Attractions

Ginkakuji Temple

Ginkakuji Temple

Travel Guide

Introduction

Ginkakuji Temple (Temple of the Silver Pavilion), officially named Jishoji Temple (Temple of Shining Mercy), founded in 1482, is one of the outstanding temples of the Muromachi era (1338-1573). Ginkakuji Temple is a Zen temple which belongs to the Shokokuji Temple branch of the Rinzai sect of Zen Buddhism.

Located in the foothills on the east side of Kyoto, the place is full of serenity and tranquility with a deep background of history. The temple is famous for its two-story Kan’non Hall, Silver Pavilion, which takes its name from the anecdote that Shogun Ashikaga Yoshimasa, the temple's patron, intended to cover the pavilion with silver leaf in imitation of the Kinkakuji Temple (Golden Pavilion) built by his grandfather. Although no silver was ever applied, the name lives on. Ginkakuji Temple was designated as UNESCO World Cultural Heritage in 1994.

The main building Silver Pavilion is a hybrid of Japanese culture, ancient Chinese culture and aesthetic value of Zen Buddhism. The incompleteness of the silver coating leave an empty space in our mind and it is up to our imagination of how it looks like with the silver appearance.

Ginkakuji Temple was a center of contemporary culture, known as the Higashiyama Culture of Muromachi period in contrast to the Kitayama Culture of his grandfather's times. Unlike the Kitayama Culture, which remained limited to the aristocratic circles of Kyoto, the Higashiyama Culture had a broad impact on the entire country. The arts developed and refined during the time include the tea ceremony, flower arrangement, noh theater, poetry, garden design and architecture.

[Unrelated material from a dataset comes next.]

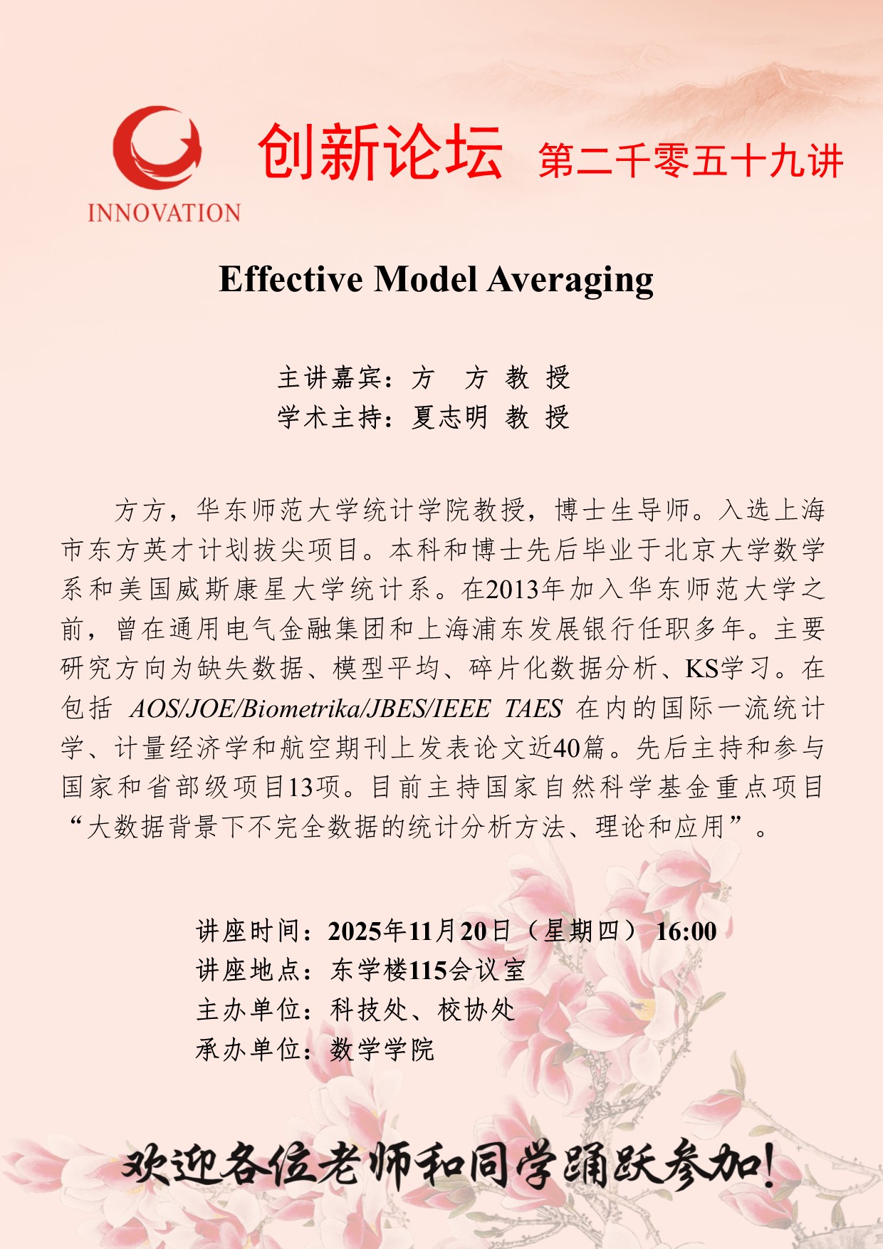 方方 教授 古天乐代言太阳集团城网址创新论坛第二千零五十九讲:Effective Model Averaging 讲座时间 2025年11月20日(星期四) 16:00 讲座地点 东学楼115会议室 讲座人介绍 方方 教授 讲座内容

The temple complex includes lovely Japanese gardens. Attributed to the great landscape artist and architect Soami (1465-1523), they consist of two contrasting sections that combine harmoniously. The first, a green pond garden overlooked by the Silver Pavilion, is a composition of rocks and plants designed to afford different perspectives from each viewpoint. The second garden which is named Ginsha-dan features two sculpted mounds of sand. It sparkles in the moonlight, giving it the nickname Sea of Silver Sand.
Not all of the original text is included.